Du machst ein bisschen ein Chaos mit Winkeln im Radian und Winkel im Grad Mass. Definiere doch besser zweile ein rAlpha für den Radian und ein gAlpha für Alpha im Grad Mass (oder ähnliche Namen).

Math.sin erwartet natürlich Winkel im Radian Mass. In Zeile 21 rechnest du gamme aber ins Grad Mass um. Deswegen wird der Sinus auf Zeile 22 das falsche Resultat zurückgeben und die Fläche stimmt nicht.

Du solltest beim Programmieren Buchstaben wie ß vermeiden und Klassennamen werden gross geschrieben.


----------



## nrg (17. Dez 2009)

(a+b)>c ist für mich das gleiche wie (b+a)>c. 

ist aber jetzt nur ein schönheitsfehler 

edit: und der operator für und ist &&

grüße
nrg


----------



## java_noob (17. Dez 2009)

Stimmt, der Schönheitsfehler ist mir noch nicht aufgefallen  Werd ich aber jetzt auch nicht mehr ändern. 

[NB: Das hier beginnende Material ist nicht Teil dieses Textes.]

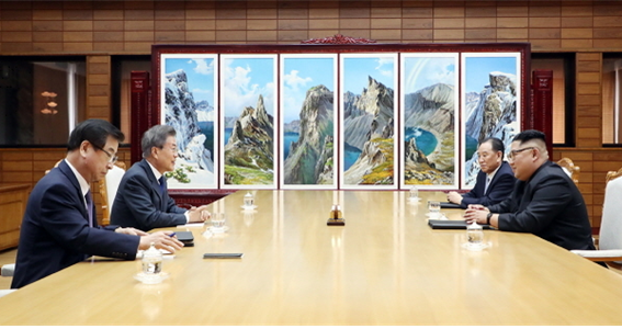 문재인 대통령과 김정은 위원장 간에 판문점 및 통일각 회담을 살펴보자.

Das mit den Verschieden Winkelmaße stimmt. Habs geändert und eine Formel war falsch eingeben. 
Bin mächtig stolz auf mich gerade, denn habe meine erste Klausuraufgabe bestanden und dait hätte ich auch die Klausur bestanden. 
Falls es jemanden interessiert, so funktioniert alles!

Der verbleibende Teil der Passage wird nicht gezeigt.